Technical Requirements
This is a list of technical requirements that the DLB user should be aware of. Not all of these are strictly necessary and will depend on the application or programming model used, but it is important to know all these factors for a successful DLB execution.
Programming models
DLB was originally designed to alleviate load imbalance issues in HPC applications using two programming models simultaneously: MPI for the outer level of parallelism, and any thread-based programming model for the inner level, such as OpenMP or OmpSs.
But technically, none of the above is strictly necessary. An application could have its own thread management and still use DLB, as long as the application communicates with the library to share resources dynamically. MPI is not necessary either, DLB supports resource sharing between different processes, even if they are not the same application (or they are, but DLB is not aware of it). Nevertheless, DLB uses MPI to detect which process is more unbalanced, and without this information, the application has to provide it to DLB via its API.
Preload mechanism for MPI applications
DLB implements the MPI interface to capture each MPI call made by the application, and then calls the original MPI function using the PMPI profiling interface.

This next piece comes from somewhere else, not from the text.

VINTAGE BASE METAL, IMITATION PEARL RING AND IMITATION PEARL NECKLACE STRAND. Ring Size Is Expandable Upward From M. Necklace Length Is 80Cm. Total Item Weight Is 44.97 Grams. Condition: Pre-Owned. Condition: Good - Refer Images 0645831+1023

To enable MPI support for DLB, the application must either be linked or
preloaded with the DLB MPI library libdlb_mpi.so. Using
the preload mechanism has the advantage that the application binary is the
same as the original, and it only requires setting an environment variable
before execution.
Use the LD_PRELOAD environment variable to specify the MPI DLB library.
The library libdlb_mpi.so should intercept both C and Fortran MPI symbols.

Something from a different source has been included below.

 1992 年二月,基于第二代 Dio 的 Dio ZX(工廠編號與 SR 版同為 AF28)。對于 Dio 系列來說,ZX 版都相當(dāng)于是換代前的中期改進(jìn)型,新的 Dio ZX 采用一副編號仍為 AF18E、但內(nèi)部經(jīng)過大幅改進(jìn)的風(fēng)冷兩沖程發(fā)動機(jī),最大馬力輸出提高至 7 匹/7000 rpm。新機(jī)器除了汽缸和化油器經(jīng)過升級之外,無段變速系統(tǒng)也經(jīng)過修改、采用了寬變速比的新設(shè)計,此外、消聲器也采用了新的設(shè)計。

In case of problems, check DLB configure flags to
build separate libraries.
Non-busy-waiting for MPI calls
Typically, MPI implementations have at least two ways of waiting for a blocking MPI call: busy-waiting and non-busy-waiting; or even a parameterised hybrid mode. In busy-waiting mode, the thread calling the MPI function repeatedly checks if the MPI call is finished, while in non-busy-waiting mode the thread can use other techniques to block its execution and not overuse the current CPU.
By default, DLB shares all CPUs whose associated thread is blocked in MPI.
This means that even if a thread is in MPI busy-waiting mode, this CPU can be
assigned to another process. To avoid sharing the CPU while it is executing an
MPI blocking call, use the --lewi-keep-one-cpu option.
Parallel regions in OpenMP
OpenMP (5.2 and below) parallelism is based on a fork-join model where threads are created (virtually or assigned to a team) when the running thread encounters a parallel construct.
This model limits DLB because it can only assign CPUs to a process just before a parallel construct. For this reason, an application with very few parallel constructs may get minimal benefit from DLB.
This limitation may be overcome with the upcoming OpenMP 6.0 and its free-agent threads, where tasks can be assigned to threads that may be created later and not part of a parallel region.